Given the fact that I'll never use the old value of a certain cell once the cell is updated. Will the update operation always create a new vector, reflecting the update, or will it be done as an in-place update ?

Note: I know about Data.Vector.Mutable

Answer 1

No, but something even better can happen.

Data.Vector is built using "stream fusion". This means that if the sequence of operations that you are performing to build up and then tear down the vector can be fused away, then the Vector itself will never even be constructed and your code will turn into an optimized loop.

Fusion works by turning code that would build vectors into code that builds up and tears down streams and then puts the streams into a form that the compiler can see to perform optimizations.

So code that looks like

foo :: Int
foo = sum as
   where as, bs, cs, ds, es :: Vector Int
         as = map (*100) bs 
         bs = take 10 cs
         cs = zipWith (+) (generate 1000 id) ds
         ds = cons 1 $ cons 3 $ map (+2) es 
         es = replicate 24000 0

despite appearing to build up and tear down quite a few very large vectors can fuse all the way down to an inner loop that only calculates and adds 10 numbers.

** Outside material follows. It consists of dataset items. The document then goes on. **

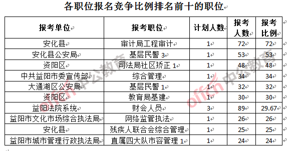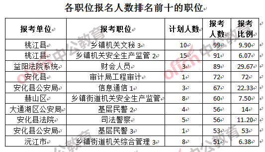 競爭最熱門職位,前三位依次是:安化縣審計局工程審計(競爭比例72:1)、安化縣公安局基層民警3(競爭比例53:1)和資陽區(qū)司法局社區(qū)矯正1(競爭比例48:1)。
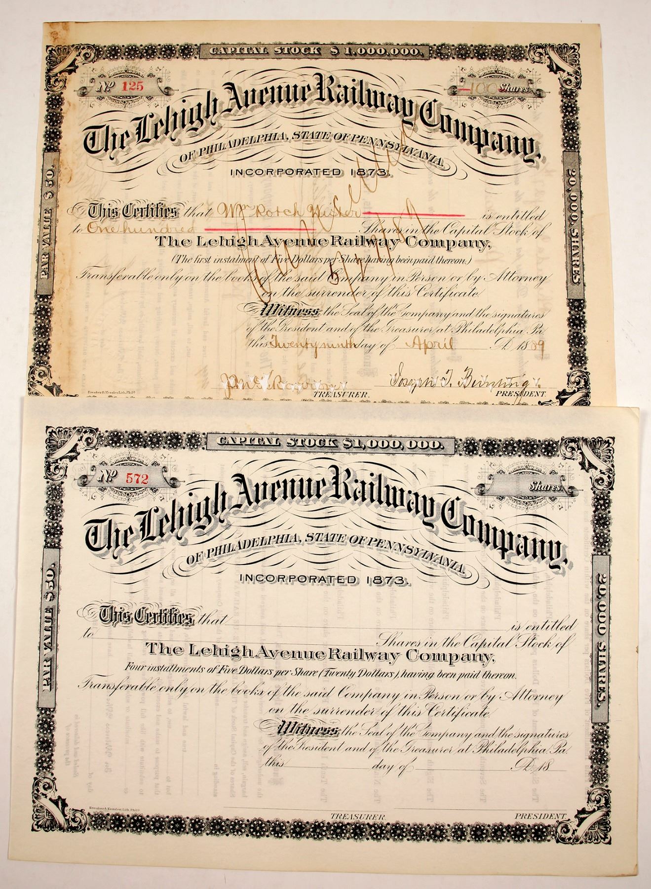 I/C #125 Wm Wisher 100 shares 1889 signed by President illegible. #572 unissued. Ken Prag Collection
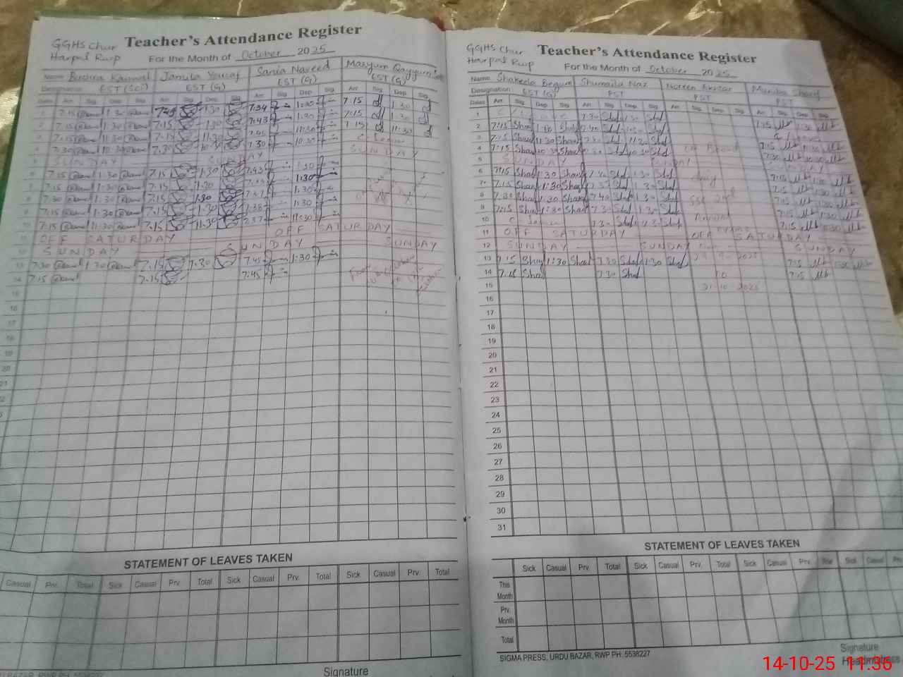 | 37**** | Fa**** Ma**** | PST | Regular | 0 | 0 | 0 | 0 | 0 | 0 | 0 | 0 | 0 | Exam Duty |
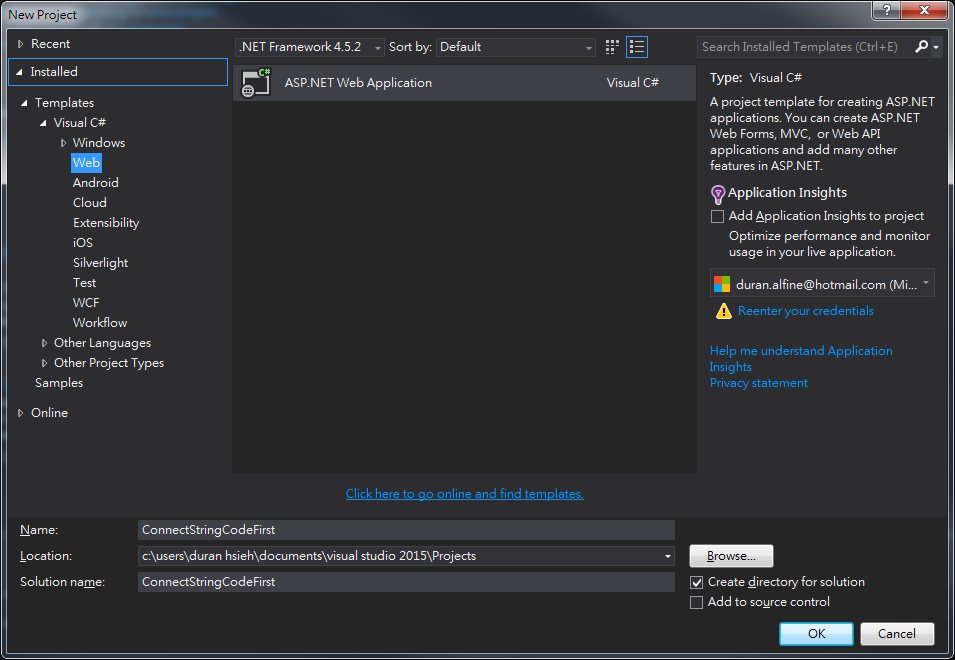 選擇web -> ASP.Net Web Application, 輸入專案名稱,點確定。
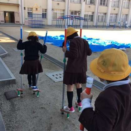 さっそく新しい竹馬を見つけた子どもたちが遊んでいました。
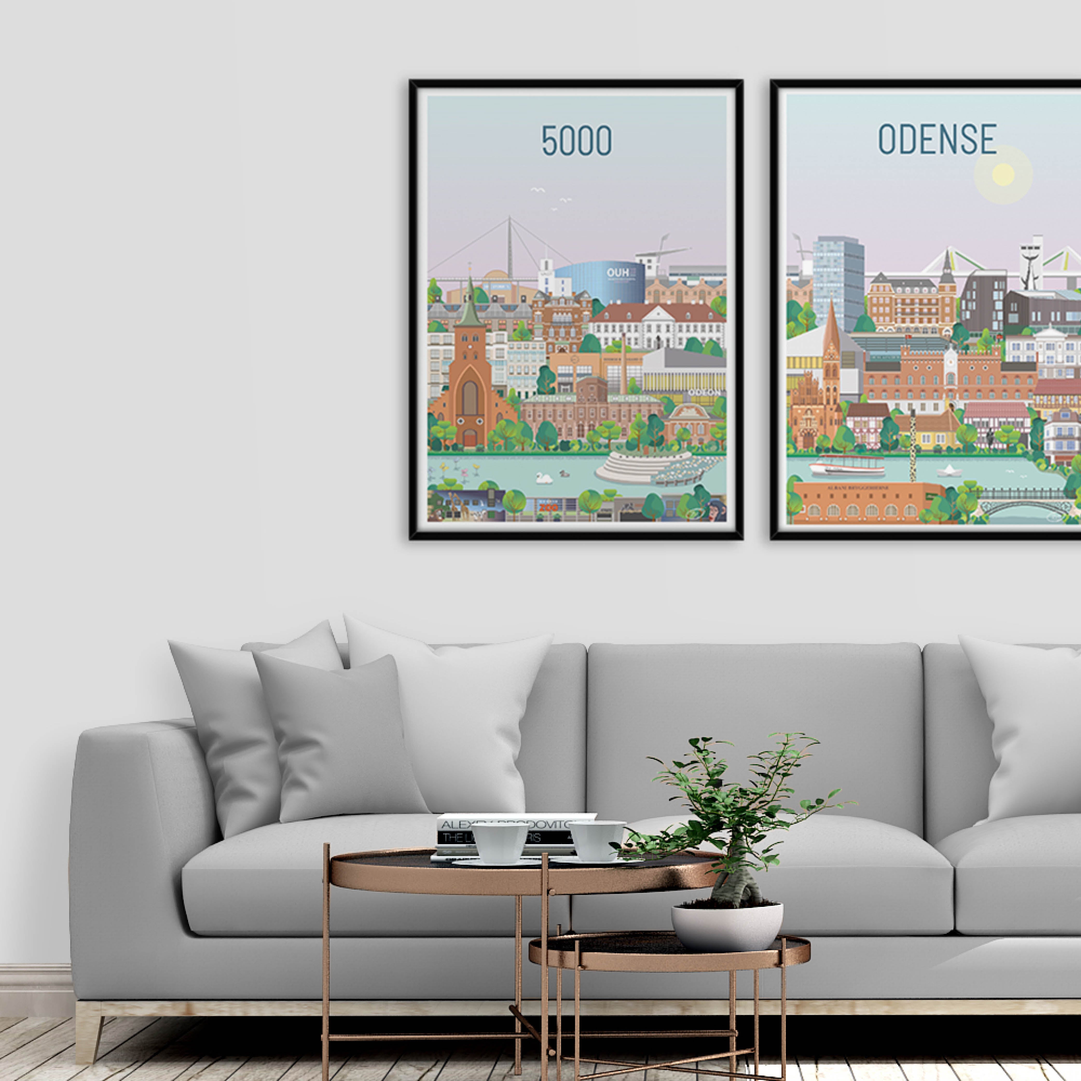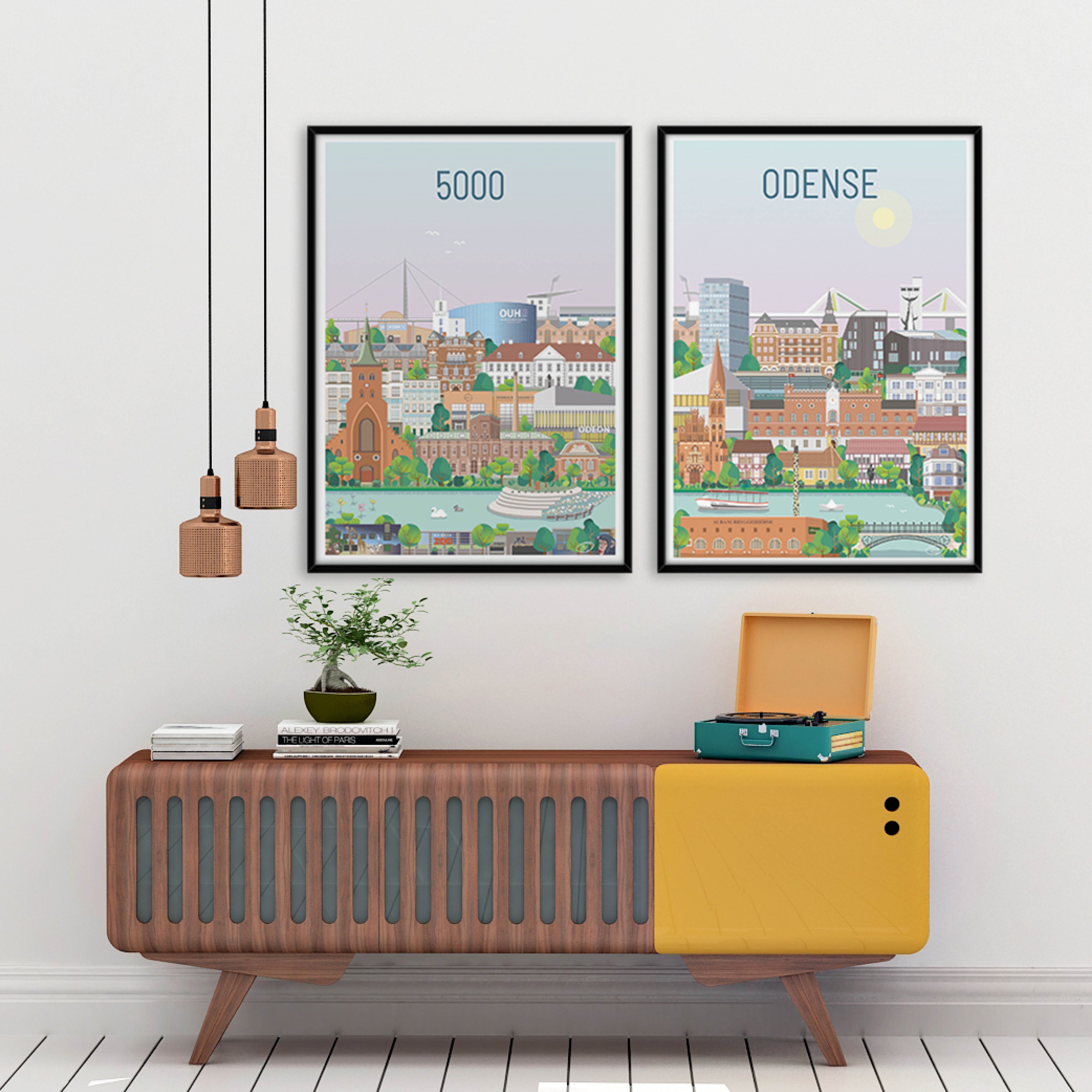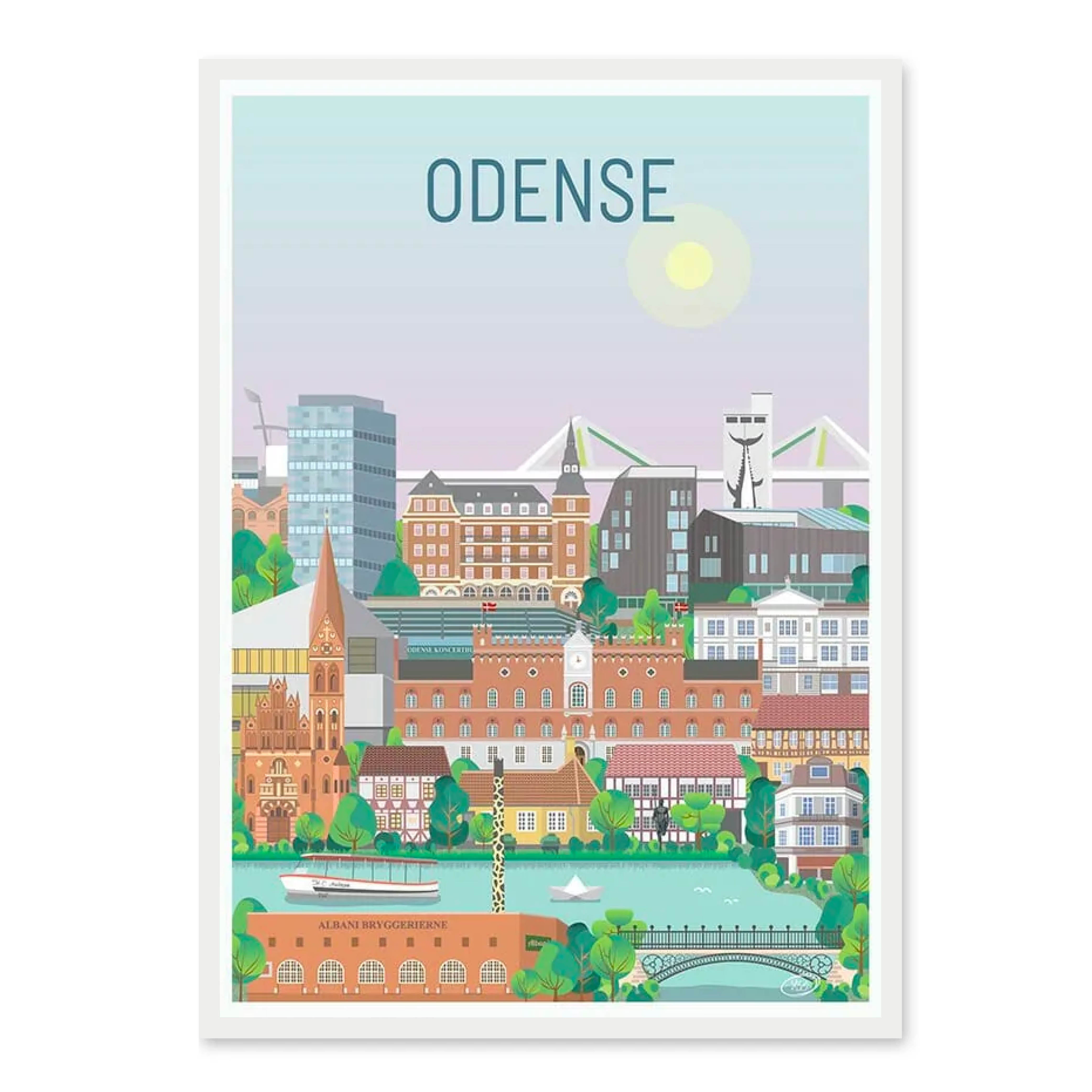 Ein wunderschönes und detailliertes Stadtplakat von Vilakula mit dem Motiv des schönen Odense. Hier haben sie die Atmosphäre der Stadt eingefangen. Vilakula hat mehrere wunderschöne Gebäude auf ihrem Poster festgehalten. Sie können z.B. finden Sie die Albani-Brauerei mit dem Giraffenschornstein, den Kramboden, die St. Albani-Kirche, das North Atlantic House, Odins Brücke, den unerschütterlichen Zinnsoldaten und das Papierboot. Das wunderschöne Odense-Poster ist in einem farbenfrohen Universum gestaltet, das die Wände jedes Zuhauses wunderschön schmückt und einen Kontrast zu den schwarz-weißen Häusern schafft.

Doing what you proposed is tricky, because it requires that you know that no references to a term exist anywhere else, which imposes a cost on any attempt to copy a reference into an environment. Moreover, it interacts rather poorly with laziness. You need to attach little affine addenda to the thunk you conspicuously didn't evaluate yet. But to do this in a multithreaded environment is scarily race prone and hard to get right.

Answer 2

Well, how exactly should the compiler see that "the old vector is not used anywhere"? Say we have a function that changes a vector:

changeIt :: Vector Int -> Int -> Vector Int
changeIt vec n = vec // [(0,n)]

Just from this definition, the compiler cannot assume that vec represents the only reference to the vector in question. We would have to annotate the function so it can only be used in this way - which Haskell doesn't support (but Clean does, as far as I know).

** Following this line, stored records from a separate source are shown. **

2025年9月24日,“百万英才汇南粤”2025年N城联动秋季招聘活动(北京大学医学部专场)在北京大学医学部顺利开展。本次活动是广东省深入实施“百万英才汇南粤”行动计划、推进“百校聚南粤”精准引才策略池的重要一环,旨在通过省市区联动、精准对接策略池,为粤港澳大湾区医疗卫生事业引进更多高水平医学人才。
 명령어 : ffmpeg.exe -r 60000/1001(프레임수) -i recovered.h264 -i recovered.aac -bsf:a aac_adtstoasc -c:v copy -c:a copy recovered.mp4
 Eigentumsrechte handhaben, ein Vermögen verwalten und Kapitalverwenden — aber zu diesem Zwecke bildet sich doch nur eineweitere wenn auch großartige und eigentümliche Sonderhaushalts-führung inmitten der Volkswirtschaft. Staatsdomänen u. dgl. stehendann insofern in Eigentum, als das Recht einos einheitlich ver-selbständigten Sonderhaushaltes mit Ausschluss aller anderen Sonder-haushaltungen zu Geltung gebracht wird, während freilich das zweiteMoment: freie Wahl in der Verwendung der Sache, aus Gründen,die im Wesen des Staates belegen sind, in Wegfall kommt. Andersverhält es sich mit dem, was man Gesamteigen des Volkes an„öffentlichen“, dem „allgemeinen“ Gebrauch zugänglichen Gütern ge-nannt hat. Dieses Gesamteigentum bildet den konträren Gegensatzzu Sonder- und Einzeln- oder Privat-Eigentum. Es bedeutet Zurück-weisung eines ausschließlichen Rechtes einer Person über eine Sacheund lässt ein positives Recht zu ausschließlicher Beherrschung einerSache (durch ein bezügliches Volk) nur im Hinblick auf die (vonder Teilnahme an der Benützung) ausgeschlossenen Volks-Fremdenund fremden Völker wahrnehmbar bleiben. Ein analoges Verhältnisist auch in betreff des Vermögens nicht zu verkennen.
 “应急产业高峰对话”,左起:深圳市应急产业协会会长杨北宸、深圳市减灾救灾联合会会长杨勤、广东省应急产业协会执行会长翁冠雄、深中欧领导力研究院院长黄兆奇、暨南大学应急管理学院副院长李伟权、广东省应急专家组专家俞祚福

So what can we do in Haskell? Let us say we have another silly function:

changeItTwice vec n = changeIt (changeIt vec n) (n+1)

Now GHC could inline changeIt, and indeed "see" that no reference to the intermediate structure escapes. But typically, you would use this information to not produce that intermediate data structure, instead directly generating the end result!

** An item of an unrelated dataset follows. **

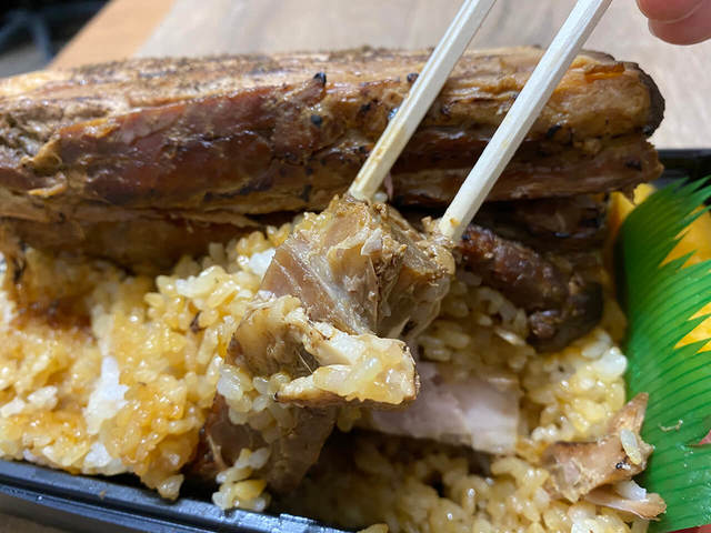 なんと、食べ進めるとご飯の下からまた極厚の焼豚が登場。この厚みが中に入っているということは、確実にご飯の厚みよりも焼豚の厚みの方が何倍も上!こんな贅沢でいいのでしょうか。
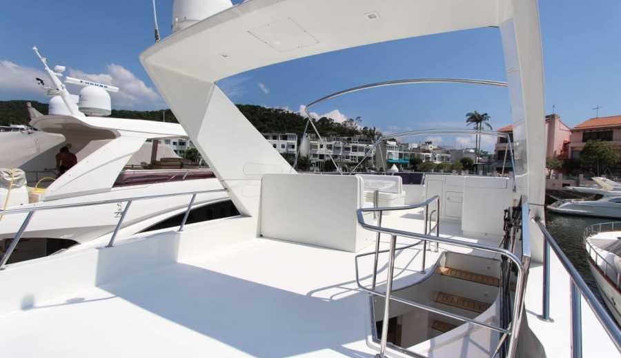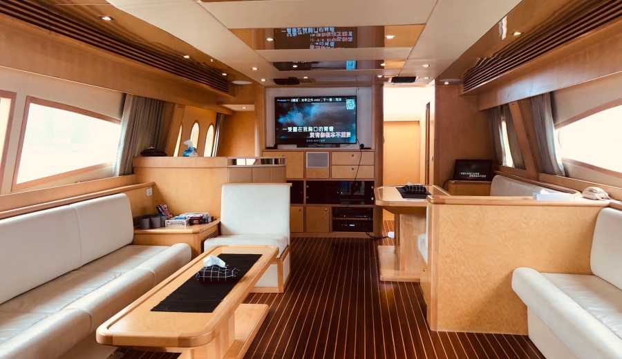 A swim platform at the rear of the boat provides easy access to the water. Guests can ask for an inflatable slide, inflatable trampoline, and inflatable mattress to be added to the rental for some extra fun in the water. Cruise to one of Hong Kong’s secluded bays for a swim or one of its many islands for delicious seafood meal aboard the Lily.

This is a pretty common optimization (for lists, there is fusion, for example) - and I think it plays pretty much exactly the role you have in mind: Limiting the number of times a data structure needs to be copied. Whether or not this approach is more flexible than in-place-updates is up for debate, but you can definitely recover a lot of performance without having to break abstraction by annotating uniqueness properties.

(However, I think that Vector currently does not, in fact, perform this specific optimization. Might need a few more optimizer rules...)

Answer 3

IMHO this is certainly impossible as the GHC garbage collector may go havoc if you randomly change an object (even if it is not used anymore). That is because the object may be moved into an older generation and mutation could introduce pointers to a younger generation. If now the younger generation gets garbage collected, the object may move and thus the pointer may become invalid.

AFAIK, all mutable objects in Haskell are located on a special heap that is treated differently by the GC, so that such problems can't occur.

Answer 4

Not necessarily. Data.Vector uses stream fusion, so depending on your use the vector may not be created at all and the program may compile to an efficient constant space loop.

This mostly applies to operations that transform the entire vector rather than just updating a single cell, though.